* _Description of the task_:
Nothing but the pictures may be dropped; the rest of the listing is to be written out exactly.
━━━ Material provided ━━━
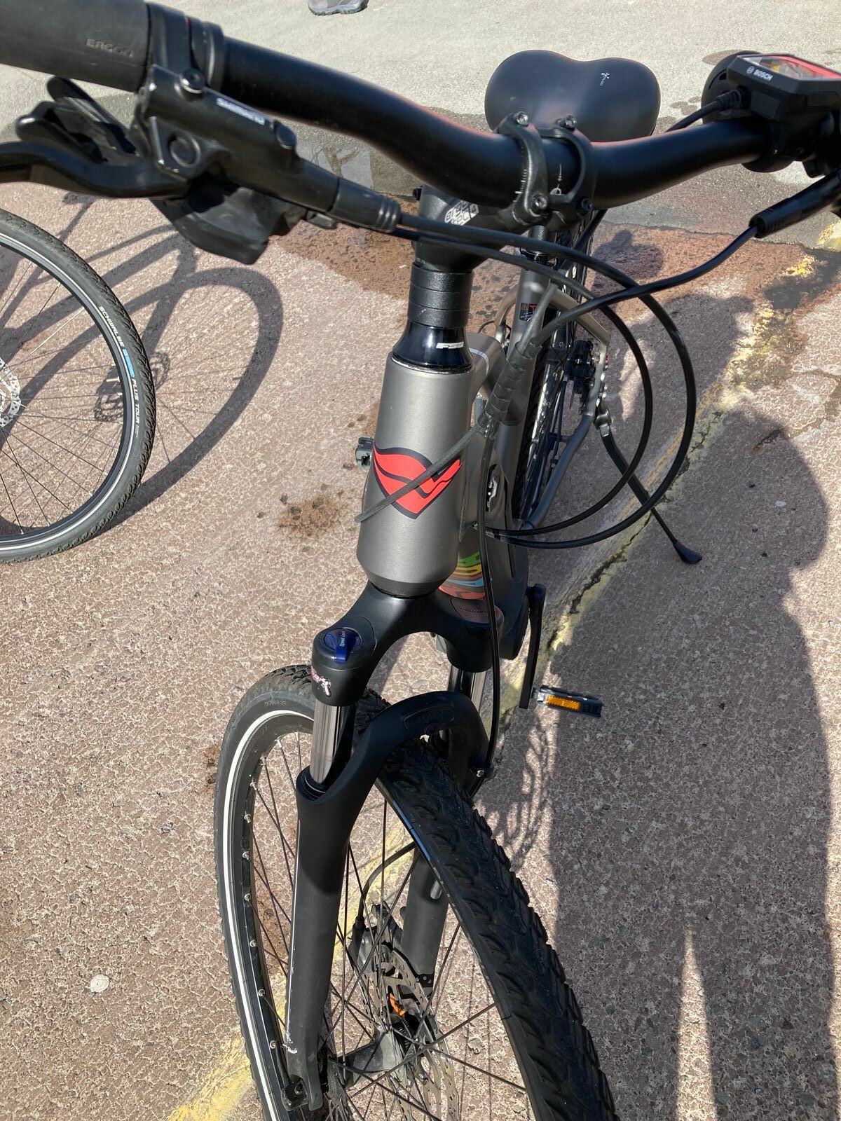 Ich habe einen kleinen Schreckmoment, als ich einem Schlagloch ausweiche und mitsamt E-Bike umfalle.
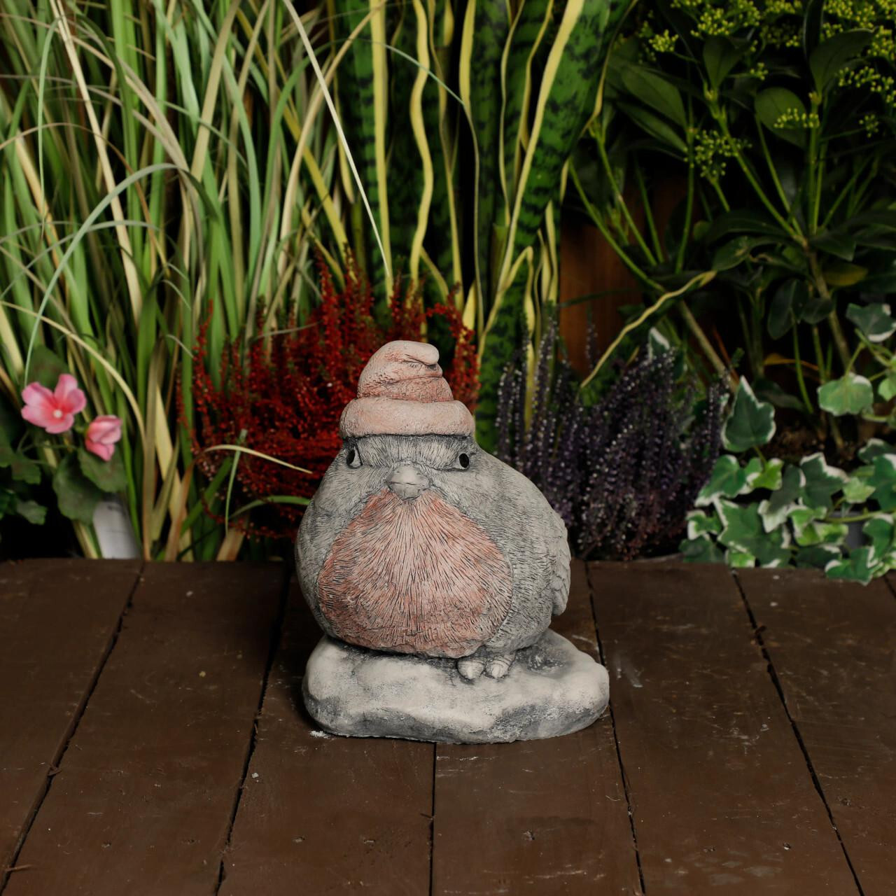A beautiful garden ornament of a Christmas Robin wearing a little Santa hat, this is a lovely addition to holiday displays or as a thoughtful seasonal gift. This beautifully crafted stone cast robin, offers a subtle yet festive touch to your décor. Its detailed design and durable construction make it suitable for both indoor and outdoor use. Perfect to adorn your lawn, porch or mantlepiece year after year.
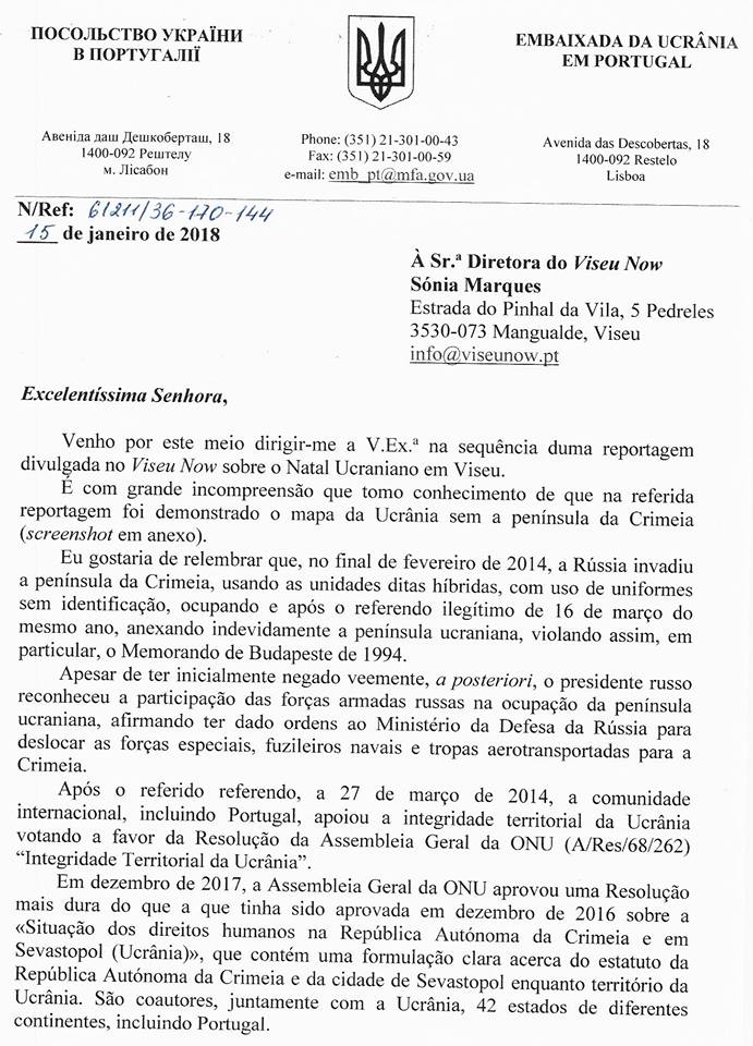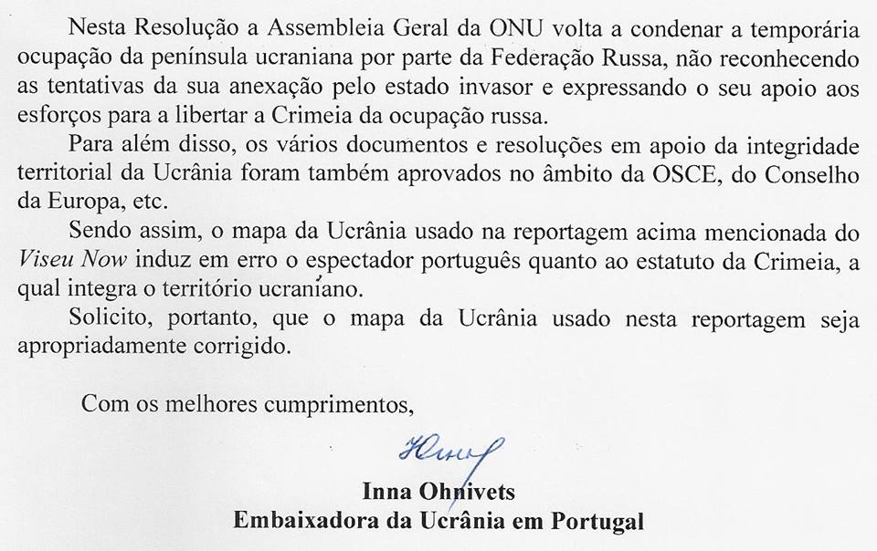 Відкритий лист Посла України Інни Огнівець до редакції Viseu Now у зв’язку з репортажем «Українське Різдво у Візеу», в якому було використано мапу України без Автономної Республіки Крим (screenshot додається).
━━━
* _Written answer_:
 Ich habe einen kleinen Schreckmoment, als ich einem Schlagloch ausweiche und mitsamt E-Bike umfalle.
A beautiful garden ornament of a Christmas Robin wearing a little Santa hat, this is a lovely addition to holiday displays or as a thoughtful seasonal gift. This beautifully crafted stone cast robin, offers a subtle yet festive touch to your décor. Its detailed design and durable construction make it suitable for both indoor and outdoor use. Perfect to adorn your lawn, porch or mantlepiece year after year.
 Відкритий лист Посла України Інни Огнівець до редакції Viseu Now у зв’язку з репортажем «Українське Різдво у Візеу», в якому було використано мапу України без Автономної Республіки Крим (screenshot додається).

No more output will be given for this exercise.